This evening, heads of government will discuss a draft proposal put together by the President of the European Council, Herman Van Rompuy, and his team, prepared “in close collaboration” with the heads of the European Commission, the Eurogroup and the European Central Bank. Though it seems the terrain is already being prepared for an inconclusive summit, it worth looking at Van Rompuy’s draft to see exactly what is to be discussed.
The draft is striking by virtue of its conditional wording: there are many ifs, coulds, possiblies and maybies. The whole draft reads as a tentative and rather speculative account of what reforms the EU could take on board if it wanted to move forward with fiscal and monetary integration. There is none of the hubris or confidence one might find in earlier drafts produced by European institutions, confident of their authority and of member state compliance.
There are nevertheless a few measures that seem a bit more thought out and have a whiff of probability about them. One is the integrated supervision of banks, the so-called banking union. This measure seems likely largely because member states can all agree on the point that national regulators have been found wanting. Instead of national regulators that sign off on generous assessments of the state of national banks, something more robust is needed. What is surprising is that the draft – with the presumed agreement of ECB head, Mario Draghi – singles out the ECB as the institution most likely to take on this role. This is surprising because – as Dermot Hodgson as shown – the ECB is generally rather reticent about any attempt at expanding its competences. Far from being a power-hungry supranational actor, the ECB has shied away from taking on new roles. Its sole concern is its price stability mandate: anything else smacks of back-handed attempts at imposing some sort of political oversight onto the bank, a terrible idea according to mainstream central bank thinking. Either it has accepted this new role because it does see it as an opportunity to increase its power or it has had this forced upon it in some way. One reason may be a convergence between Draghi, Van Rompuy, Barroso and Juncker, on the need to set up this banking union in a way that avoids any messy involvement with domestic politics. By placing it within the ECB, Van Rompuy notes in his draft, existing treaty law (“the possibilities foreseen under Article 127(6) of the TFEU”, to be exact) should be sufficient. A tidy legal solution to a thorny problem, and one that Draghi can no doubt appreciate even if it means a slight expansion in the ECB’s remit.
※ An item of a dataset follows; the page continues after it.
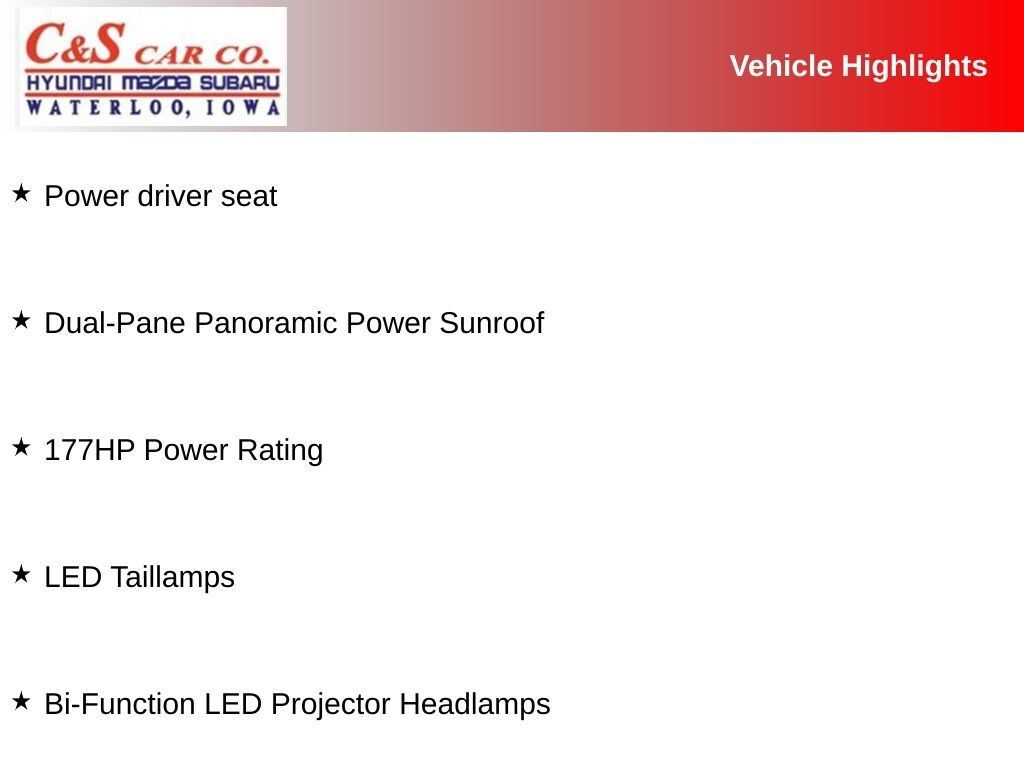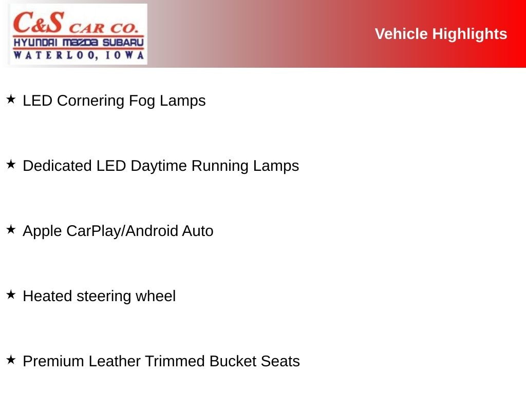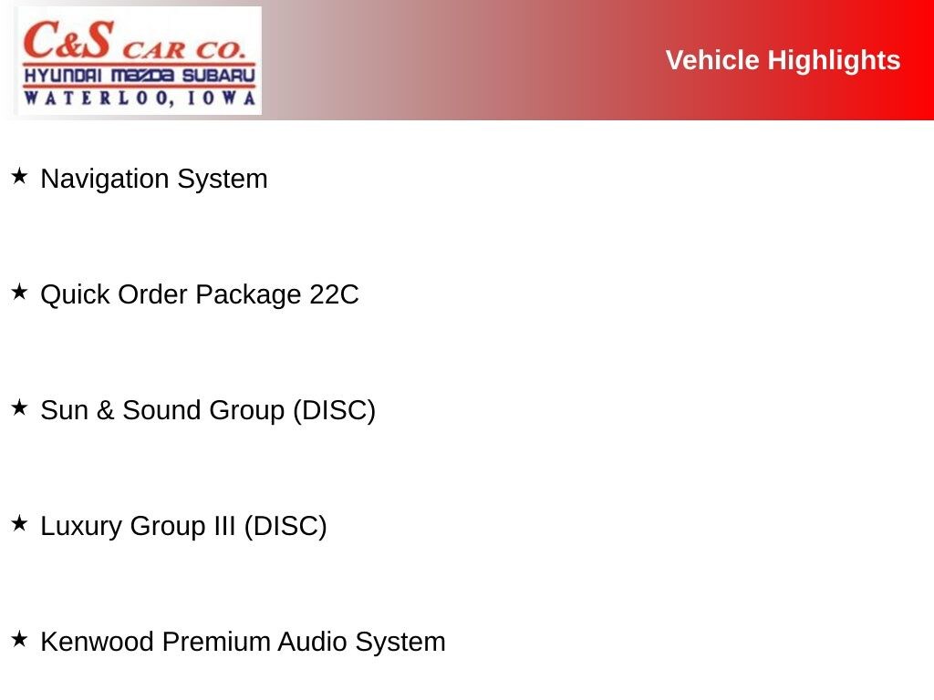 17" x 6.5" Aluminum Wheels, 177HP Power Rating, Apple CarPlay/Android Auto, Bi-Function LED Projector Headlamps, Dedicated LED Daytime Running Lamps, Dual-Pane Panoramic Power Sunroof, Front Seat Back Map Pockets, Heated steering wheel, Kenwood Premium Audio System, LED Cornering Fog Lamps, LED Taillamps, Luxury Group III (DISC), Navigation System, Power driver seat, Premium Leather Trimmed Bucket Seats, Quick Order Package 22C, Sun & Sound Group (DISC).

On the “integrated budgetary framework”, another important chunk of Van Rompuy’s draft, it is obvious what might be accepted by national leaders and what remains pretty unlikely. The key suggestion is that stronger measures to control the upward end of government spending need to be introduced. Van Rompuy suggests that in the end “the euro level area would be in a position to require changes in budgetary envelopes if they are in violation of fiscal rules”. This begs the question of what the sanction would be exactly – probably, fines of some sort – but it also makes clear how the evolution of economic governance in Europe is following well-trodden lines. What is being suggested here is really a constitutionalizing of limits to what governments can spend: exactly what national governments have been discussing for some time and what former French President Nicolas Sarkozy had proposed in France.
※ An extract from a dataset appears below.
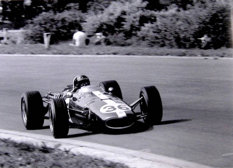 Su segundo Grand Prix sería el de Holanda, tres semanas después. Aquí las cosas no fueron tan bien: 5º en la parrilla, Mike se salió de la pista en la vuelta 11ª. En la segunda foto lo vemos poco después de la partida, en el ápice de la curva, tras Brabham (Brabham nº 16) y Jim Clark (Lotus nº 6), y en paralelo con Denny Hulme (Brabham nº 18), que salía 2º. Hulme logró aquí su primera vuelta más rápida en fórmula I, pero no pudo terminar, abandonando con fallos de encendido en la vuelta 38ª. La carrera la ganó Brabham, ante Hill, Clark, Stewart, Spence y Bandini
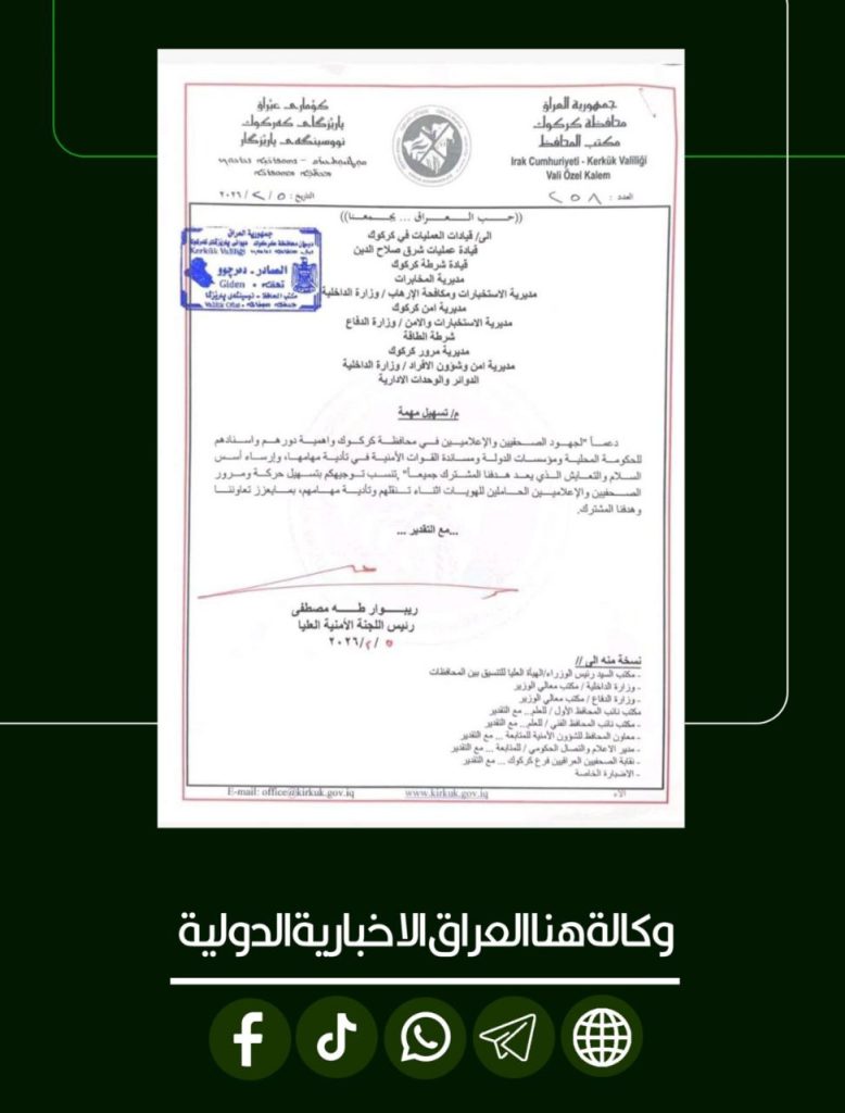 الرئيسية/امن/محافظة كركوك تدعو قيادة العمليات الأمنية لتسهيل عمل الصحفيين امنمحلي محافظة كركوك تدعو قيادة العمليات الأمنية لتسهيل عمل الصحفيين شاركها فيسبوك X لينكدإن Tumblr بينتيريست Reddit VKontakte Odnoklassniki Pocket مشاركة عبر البريد طباعة

The push to make excessive spending truly illegal is hardly new and the ideas are familiar to anyone who followed the events of the 1990s and the Maastricht criteria. Overwhelmingly, economic growth is assumed to come from private sector activity, supply-side reform and from a focus on exports. There is to be a minimal role for public spending in any national growth strategy. National government discretion with regard government spending, and especially the idea that market instability should be compensated by discretionary uses of the public purse, has little role to play in the draft. That the fiscal excesses were more consequence than cause of the present crisis, and were initially the result of massive wealth transfers in the form of bank bail-outs after the Lehman Brothers collapse, is not taken into account. Even the part of the draft that mentions a “European resolution scheme” to be funded by bank contributions – “with the aim of orderly winding-down non-viable institutions and therefore protect tax payer funds” – pales in comparison to the tax-payer funded European Stability Mechanism that is vaunted as a possible “fiscal backstop to the resolution and deposit guarantee scheme”.
What remain far more tentative are the parts that describe the issuance of common debt and the creation of a fully-fledged European treasury: ideas that are being firmly resisted by Chancellor Merkel. And the mention of strengthening democratic legitimacy is an afterthought in a draft that focuses on measures intended to restrict as much as possible the room of manoeuvre for nationally-elected representatives.
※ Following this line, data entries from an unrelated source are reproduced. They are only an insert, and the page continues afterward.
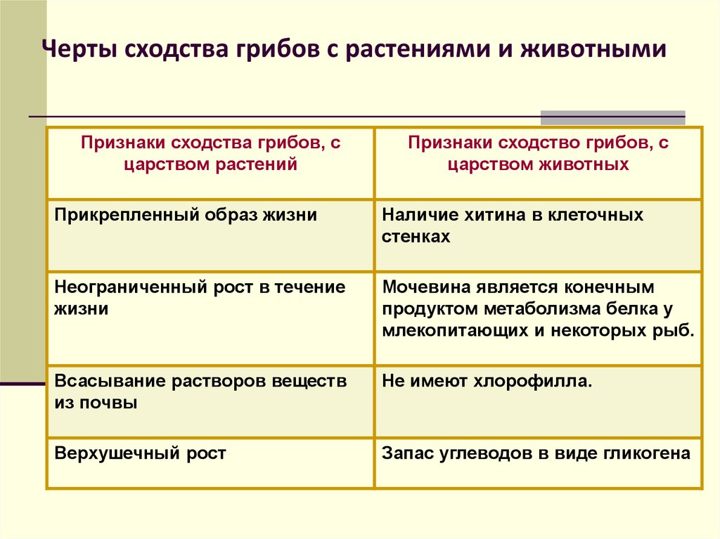 Черты сходства грибов с растениями и животнымиПризнаки сходства грибов, с
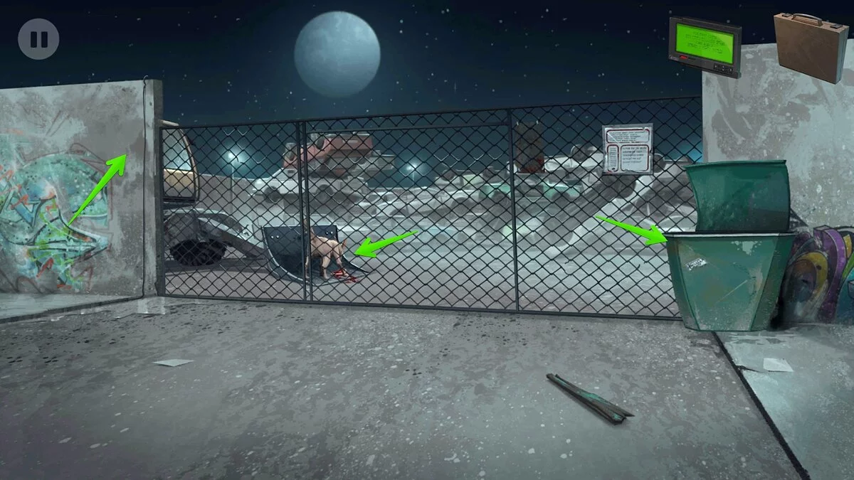 Оказываемся на свалке. В контейнере справа подбираем кабель. Из самого контейнера достаём мясо. Объединяем кабель и крюк, затем применяем их на стене слева. Отдаём мясо собаке, перебираемся через ограду и поднимаем ручку бульдозера.
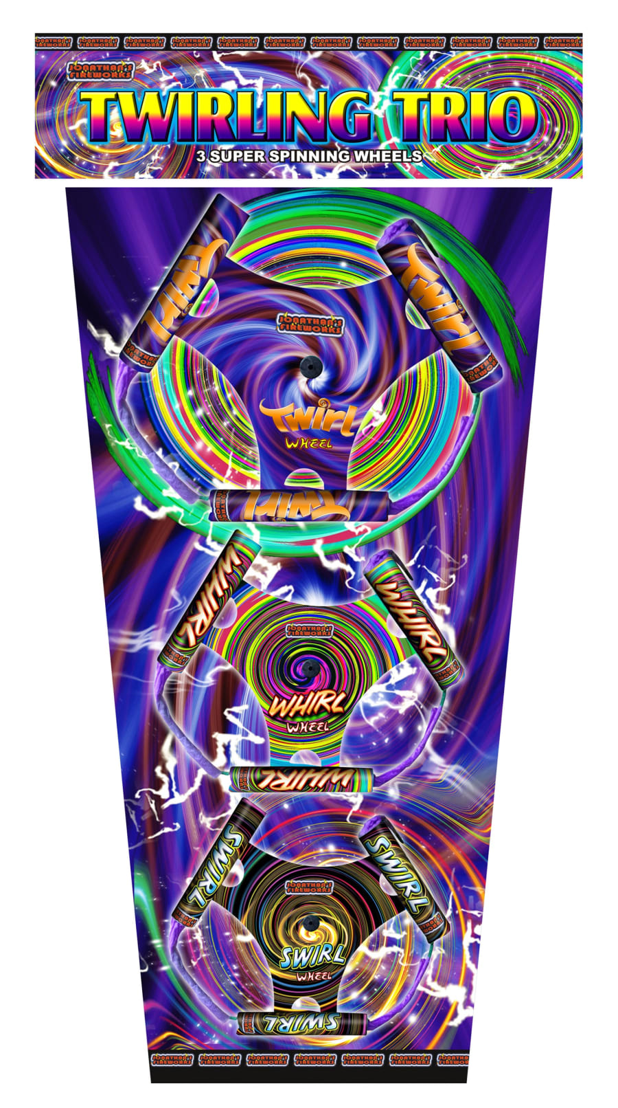 A superb pack of three medium-sized wheels, each powered by three drive motors. They feature multicoloured sparks and finish with a beautiful flitter effect. Low noise!

There is little evidence of federalizing ambition in Van Rompuy’s draft. The most likely measure – the banking union – is proposed in a way that avoids having to rewrite any existing laws. The suggestions about common budgetary rules are driven by national governments so lacking in authority that they need binding external frameworks in order to impose any sort of fiscal discipline on their own societies. The reaction to this end of week summit will most likely be disappointment at what is not in the final communiqué. But judging from Van Rompuy’s draft, the real problem is what is in it.